Purtroppo il tempo è meno clemente che alla Sosbun: tutti i giorni
piove o nevica, concedendoci ben poche possibilità, solo per due
mezze giornate siamo graziati dai raggi solari, insufficienti per
salire
una parete con quelle difficoltà a quella quota. Il nostro progetto
sarebbe quello di portare materiale e cibo per una settimana di
autosufficienza
alla base, quindi stabilirci in parete con una sorta di capsule-style
(tecnica
di salita che implica di rimanere in parete per tutta la durata
dell'ascensione,
bivaccando sulle cenge con tenda da bivacco o brandine da parete,
utilizzando
un numero molto ridotto di corde fisse, che permettano di tornare
all'ultimo
punto da bivacco finché non se ne installi uno nuovo e vi si sposti
quindi il materiale). Le poche corde a nostra disposizione le abbiamo
fissate
per accedere al canale, ma le recupereremo all'ultimo viaggio
portandole
in parete. La seconda metà del canale ci riserva però delle
sgradite sorprese. Innanzitutto una grossa seraccata, non visibile dal
basso, che pende sulla nostra testa come una spada di Damocle; poi un
ghiaccio
nero e vetrato della peggior qualità, dove la nostra attrezzatura
leggera da ghiaccio si rivela assai poco adatta. Se saliamo dopo una
nevicata
la neve ci slavina addosso dal canale e dalle ripide pareti che lo
delimitano,
mentre quando esce il sole e il canale ha già scaricato, i sassi
bloccati nel ghiaccio vivo si rilasciano e ci bersagliano senza tregua.

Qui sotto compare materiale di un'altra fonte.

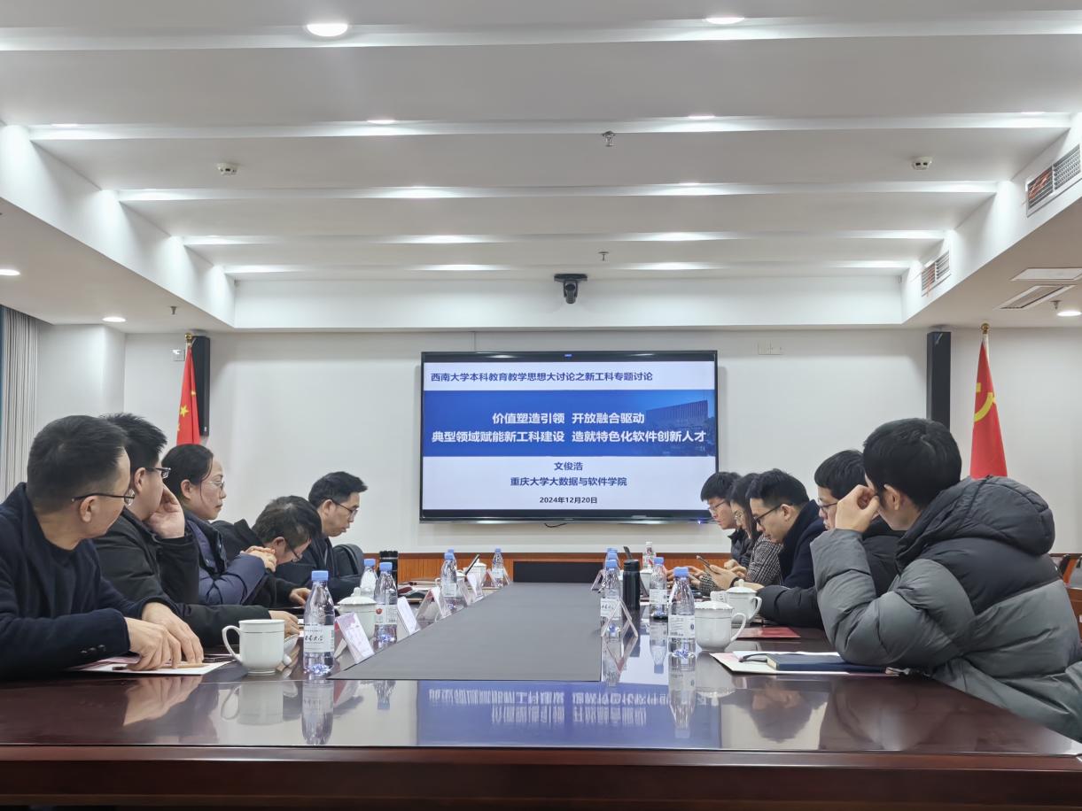 2024 年 12 月 20 日下午,为响应学校本科生院的相关要求,人工智能学院在出版社大楼 2001 会议室,成功举办了本科教育教学思想大讨论之新工科专题讨论会。此次会议汇聚了众多教育领域的专家与学者,重庆大学大数据与软件学院党委书记文俊浩、重庆大学国家卓越工程师学院执行院长罗远新、PA视讯本科生院教学质量监控与评估中心主任陶丽,以及各工科相关二级学院分管本科教学工作的副院长和教师代表们齐聚一堂,共同探讨新工科教育的发展方向与改革路径。会议由人工智能学院副院长陈枫教授主持。

In una di queste "risalite-flipper", ingannati per l'ennesima volta dal
tempo, valutiamo attentamente la nostra situazione: senza altre corde
da
poter impegnare come fisse nel canale, dovremmo spendere altri giorni
nel
sali e scendo di approvvigionamento, aumentando notevolmente i pericoli
oggettivi a cui saremmo
esposti e riducendo ulteriormente il poter dedicare alla vera salita.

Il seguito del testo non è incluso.